Действительно, отвечать было нечего. Барнав в продолжение всей длинной ответной речи Мирабо выдерживает все его громогласные заявления. Мирабо возражает попунктно и доказывает, что его противник дает собранию не более, чем он, с той только разницей, что, ограничивая роль короля простым извещением, Барнав лишает собрание его содействия, необходимого для выражения национальной воли. Мирабо кончает упреком Барнаву за преступное соперничество между людьми, которые должны бы действовать вместе, как настоящие товарищи по оружию.
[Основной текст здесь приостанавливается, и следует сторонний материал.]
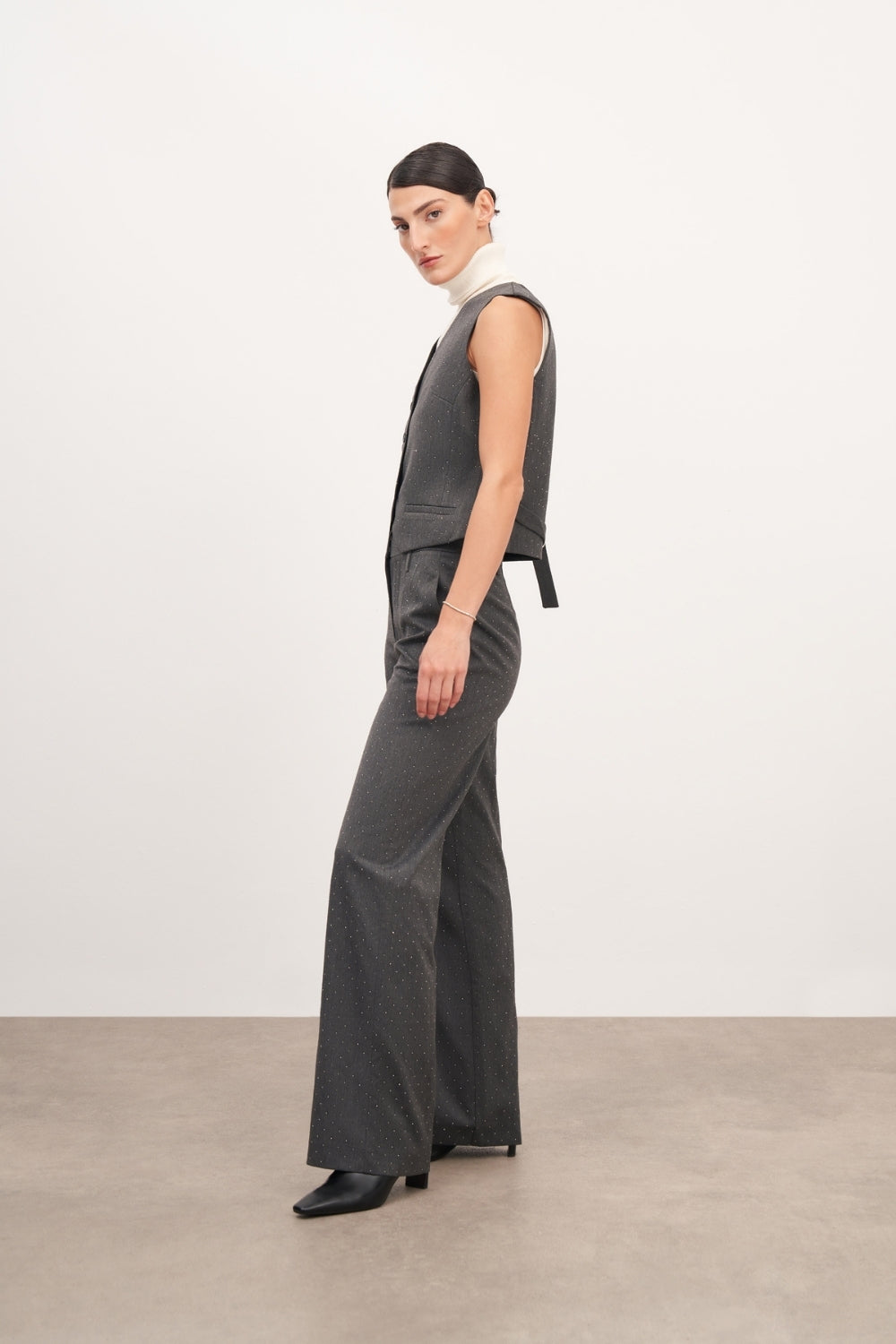 WINGCOTT Füme Pileli Geniş Kesim Pantolon

Барнав в своей речи перечислил сторонников своего мнения – Мирабо, в свою очередь, перечисляет своих сторонников; в числе их он приводит людей умеренных, первых основателей конституции, говоривших французам о свободе, «когда низкие клеветники сосут придворное молоко» (тут он указывает на Ламетов, принимавших благодеяния от королевы). «Людей, – присовокупляет Мирабо, – которые до гроба будут хвалимы и друзьями своими, и врагами».
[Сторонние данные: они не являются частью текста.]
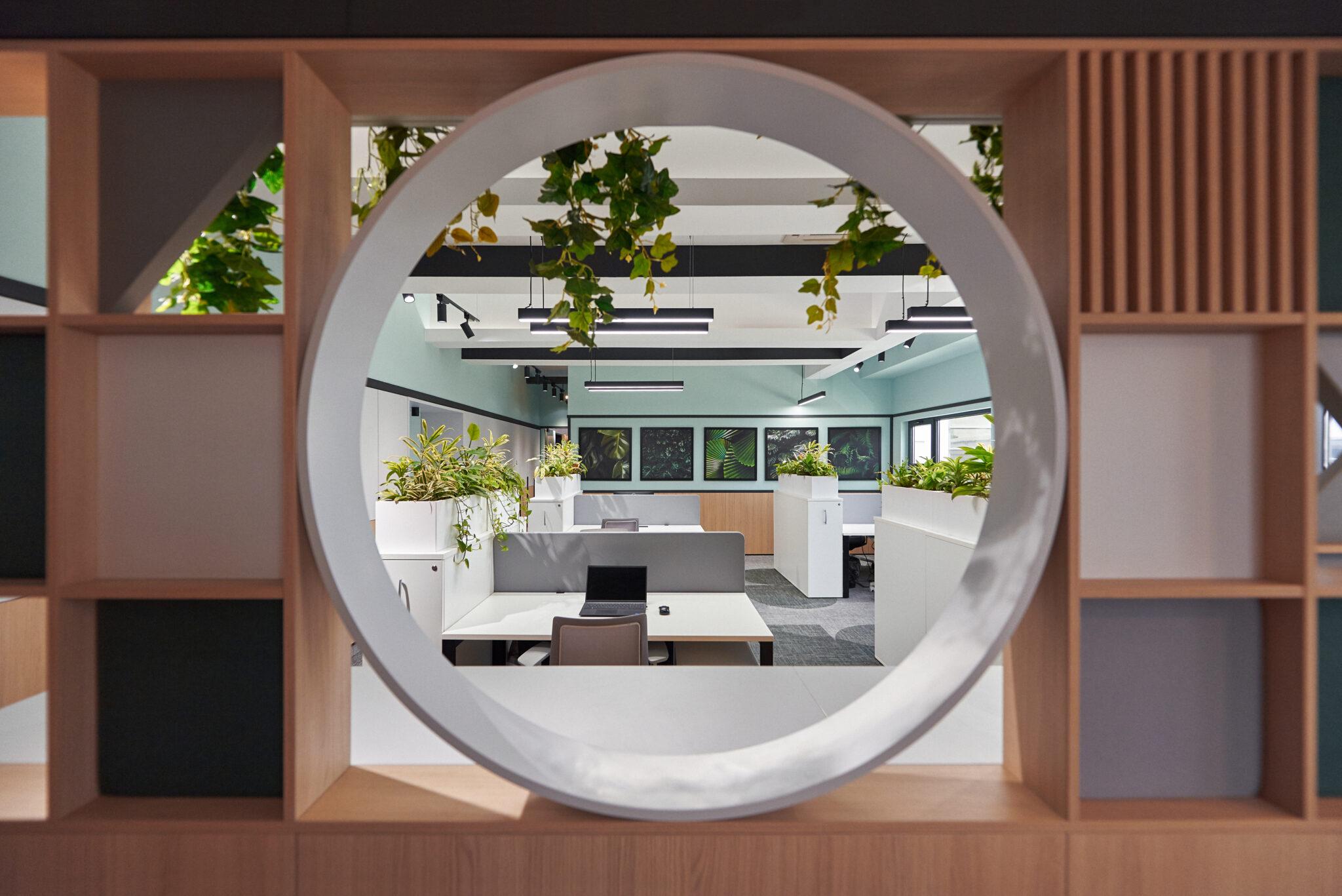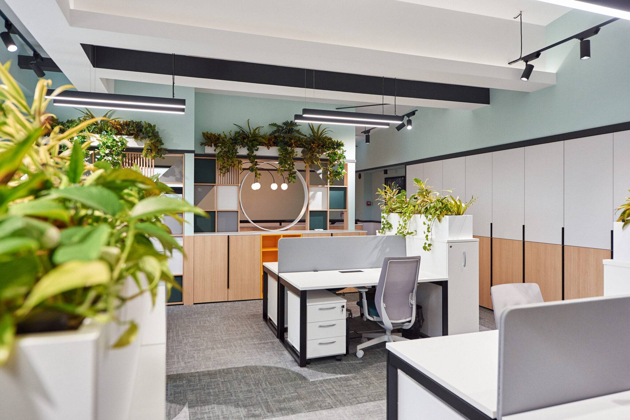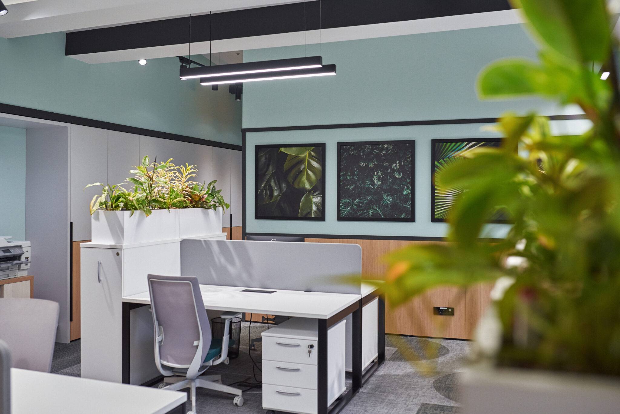 Elementele naturale sunt integrate în întregul birou, cu accente de lemn adăugând căldură și eleganță, iar verdeața luxuriantă aducând liniște și o conexiune cu natura.

Великодушные рукоплескания покрыли голос Мирабо. В собрании имелось значительное число депутатов, не принадлежавших ни к правой, ни к левой стороне, принимавших решения под впечатлением минуты, без предвзятого намерения. Именно по их милости талант и разум получали перевес, потому что они, переходя на ту или другую сторону, составляли большинство. Барнав опять хотел ответить, но собрание не желало его больше слушать и потребовало голосования. Декрет, предложенный Мирабо и превосходно исправленный депутатом Шапелье, наконец, был принят 22 мая к общему удовольствию, так как это соперничество простиралось не далее кружка, в котором родилось, и народная партия рассчитывала на победу и с Мирабо, и с Ламетами.
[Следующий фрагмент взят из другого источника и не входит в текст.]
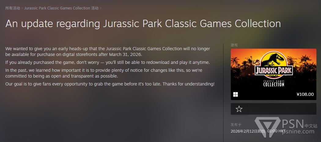 《侏罗纪公园:经典游戏合集》将于2026年3月31日下架停售,已购买游戏的玩家停售后仍可正常下载游玩。

Декрет облекал короля и нацию правом заключать мир, объявлять и вести войну. Королю вверялось распоряжение военными силами, он же должен был извещать о начале военных действий, созывать собрание, если оно не было в сборе, и предлагать декрет касательно войны или мира. Шапелье прибавил весьма уместную поправку, требуя, чтобы королю предоставили право формально предложить декрет и окончательно утвердить его.
Этот декрет, согласный со здравым смыслом и уже установленными принципами, возбудил искреннюю радость между приверженцами конституции и безумные надежды между врагами революции, которые вообразили, будто общественный дух изменится и им можно будет присвоить себе победу Мирабо. Лафайет, в этом случае присоединившийся к Мирабо, написал об этом Буйе, показал ему возможность спокойствия и умеренности в будущем и постарался, как он это делал всегда, примирить его с новыми порядками.